Top of DATA UNDER STUDY

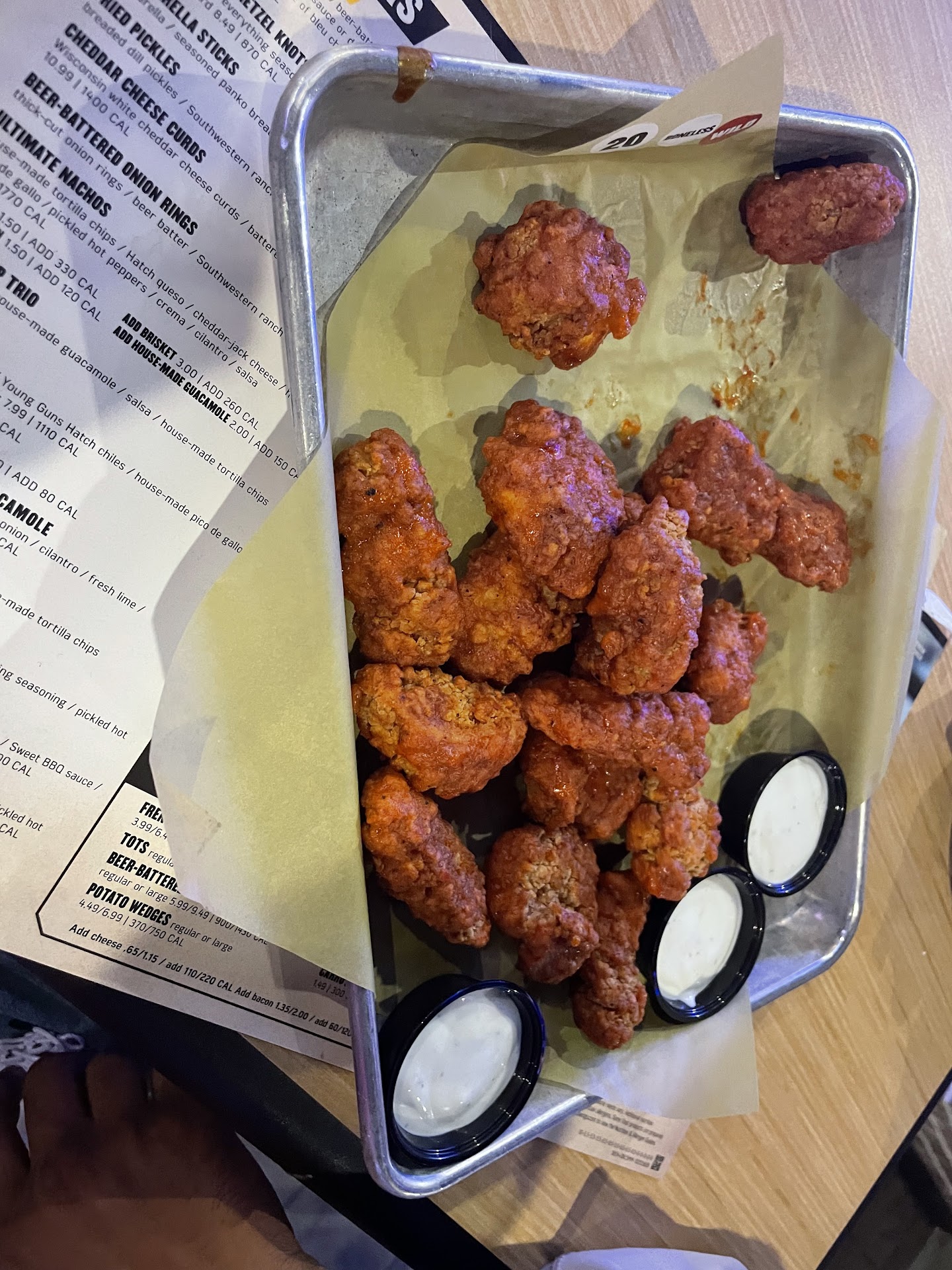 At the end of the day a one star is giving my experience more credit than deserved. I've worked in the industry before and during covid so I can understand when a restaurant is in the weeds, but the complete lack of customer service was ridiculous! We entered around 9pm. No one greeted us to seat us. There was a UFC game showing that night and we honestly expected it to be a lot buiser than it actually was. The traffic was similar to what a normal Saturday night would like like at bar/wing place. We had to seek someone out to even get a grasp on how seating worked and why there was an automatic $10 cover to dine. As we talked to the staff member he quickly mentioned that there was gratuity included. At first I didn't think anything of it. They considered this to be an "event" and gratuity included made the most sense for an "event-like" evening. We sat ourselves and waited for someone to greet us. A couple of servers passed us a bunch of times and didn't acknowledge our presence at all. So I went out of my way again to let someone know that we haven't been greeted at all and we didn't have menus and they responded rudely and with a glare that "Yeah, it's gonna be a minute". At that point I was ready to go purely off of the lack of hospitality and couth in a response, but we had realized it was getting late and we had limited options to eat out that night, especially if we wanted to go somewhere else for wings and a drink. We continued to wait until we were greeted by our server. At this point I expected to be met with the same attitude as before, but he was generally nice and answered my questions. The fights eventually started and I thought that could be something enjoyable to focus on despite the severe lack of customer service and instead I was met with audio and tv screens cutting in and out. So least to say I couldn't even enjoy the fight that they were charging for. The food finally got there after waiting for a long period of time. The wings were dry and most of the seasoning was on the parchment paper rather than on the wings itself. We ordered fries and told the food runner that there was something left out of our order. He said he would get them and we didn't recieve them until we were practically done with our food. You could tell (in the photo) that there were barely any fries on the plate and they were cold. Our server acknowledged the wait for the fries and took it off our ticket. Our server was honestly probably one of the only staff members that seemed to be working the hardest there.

Bottom of DATA UNDER STUDY
Top of DATA UNDER STUDY

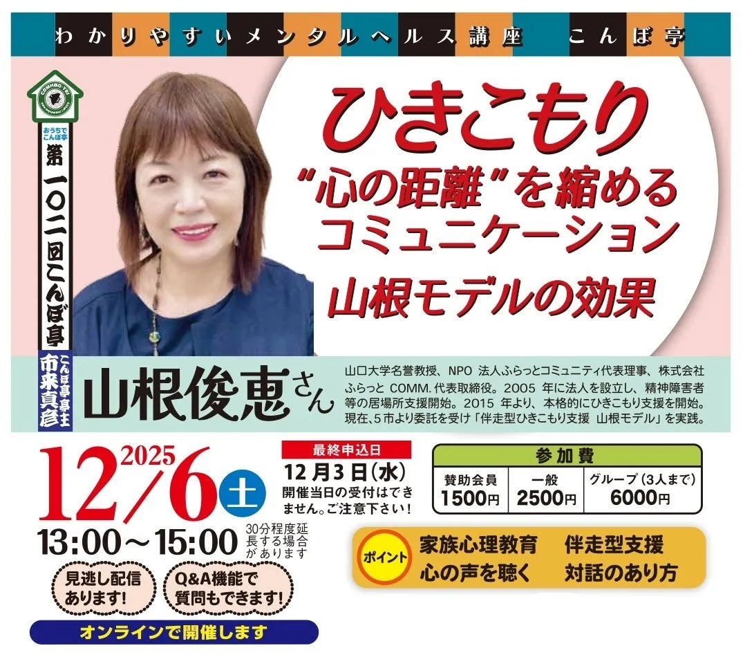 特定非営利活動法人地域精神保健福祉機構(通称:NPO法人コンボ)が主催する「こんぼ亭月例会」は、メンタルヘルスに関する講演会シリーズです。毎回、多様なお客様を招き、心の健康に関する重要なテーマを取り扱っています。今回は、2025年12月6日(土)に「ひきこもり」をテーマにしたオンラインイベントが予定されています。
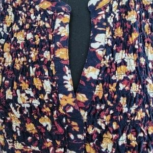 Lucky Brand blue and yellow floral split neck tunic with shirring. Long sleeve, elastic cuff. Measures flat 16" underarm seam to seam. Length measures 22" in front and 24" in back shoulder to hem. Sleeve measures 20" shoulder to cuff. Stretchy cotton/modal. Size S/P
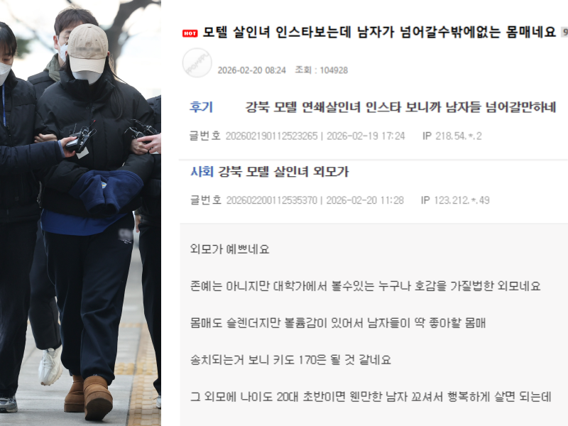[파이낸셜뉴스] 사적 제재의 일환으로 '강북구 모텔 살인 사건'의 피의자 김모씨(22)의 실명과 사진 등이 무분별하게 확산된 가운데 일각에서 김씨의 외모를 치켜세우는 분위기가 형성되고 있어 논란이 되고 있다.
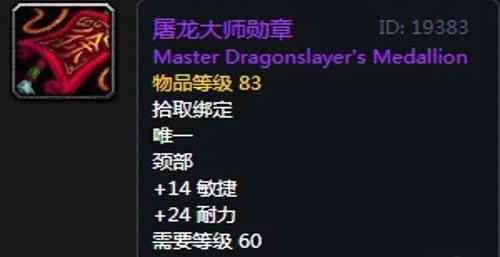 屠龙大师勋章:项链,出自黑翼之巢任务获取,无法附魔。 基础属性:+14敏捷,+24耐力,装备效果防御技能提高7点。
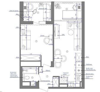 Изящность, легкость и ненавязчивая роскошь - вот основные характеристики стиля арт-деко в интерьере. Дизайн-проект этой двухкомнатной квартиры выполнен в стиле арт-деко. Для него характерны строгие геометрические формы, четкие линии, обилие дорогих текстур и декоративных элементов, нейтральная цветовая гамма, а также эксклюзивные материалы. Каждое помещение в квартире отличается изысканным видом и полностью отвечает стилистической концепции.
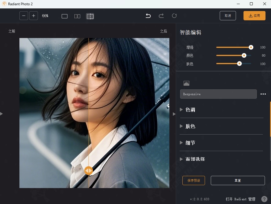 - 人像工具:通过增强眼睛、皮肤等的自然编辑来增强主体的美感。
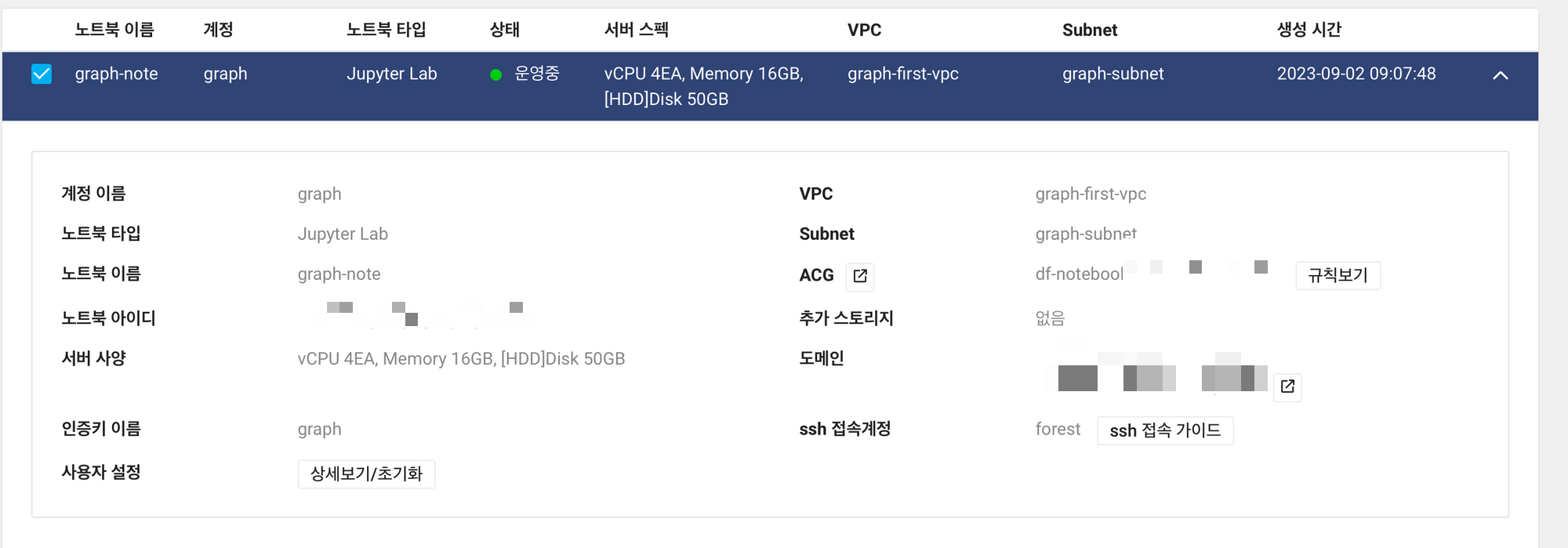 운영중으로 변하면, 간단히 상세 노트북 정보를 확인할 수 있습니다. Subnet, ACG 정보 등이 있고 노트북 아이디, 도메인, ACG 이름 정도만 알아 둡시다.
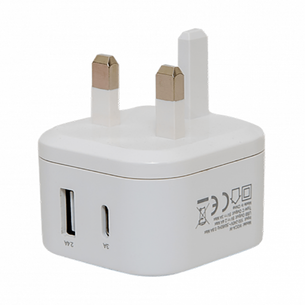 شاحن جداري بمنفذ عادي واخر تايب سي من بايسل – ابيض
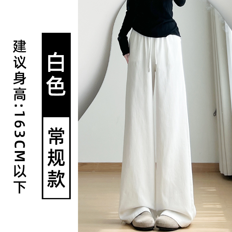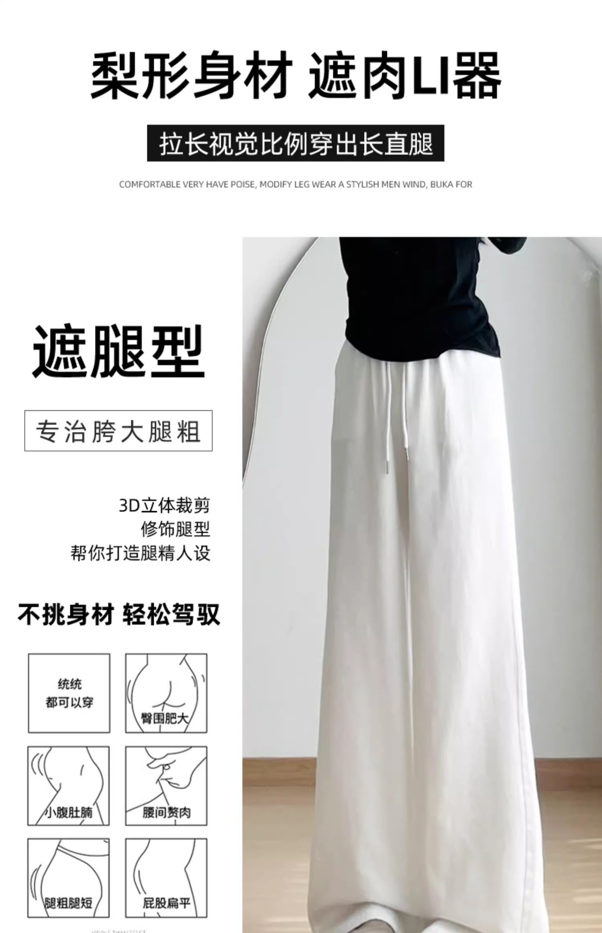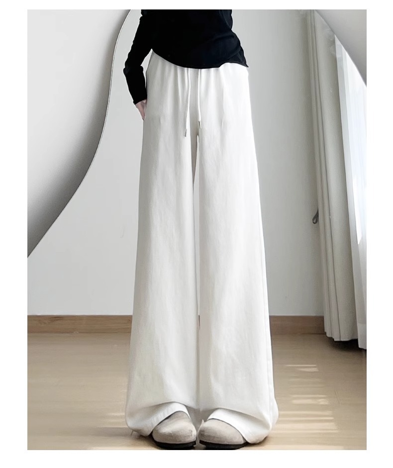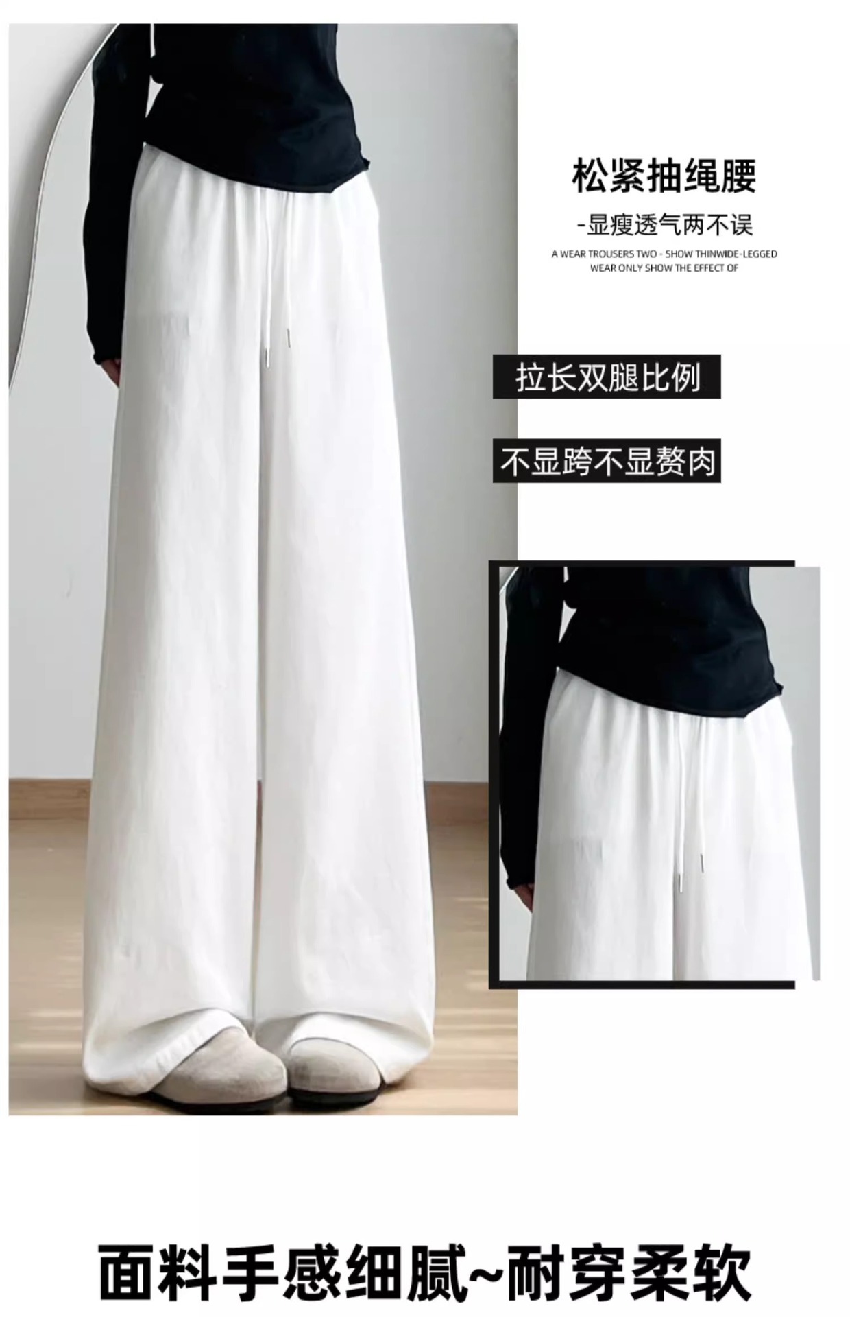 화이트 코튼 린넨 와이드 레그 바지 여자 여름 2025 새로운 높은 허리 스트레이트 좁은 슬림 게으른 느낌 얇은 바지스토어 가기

Bottom of DATA UNDER STUDY

HOW TO COMPLETE THIS TASK
Please copy out from the data above, without any picture, exactly the lines running from the one that holds "شاحن جداري بمنفذ" through the one that holds "화이트 코튼 린넨 와이드", and nothing beyond them.

RESULT OF THE TASK
 شاحن جداري بمنفذ عادي واخر تايب سي من بايسل – ابيض
 화이트 코튼 린넨 와이드 레그 바지 여자 여름 2025 새로운 높은 허리 스트레이트 좁은 슬림 게으른 느낌 얇은 바지스토어 가기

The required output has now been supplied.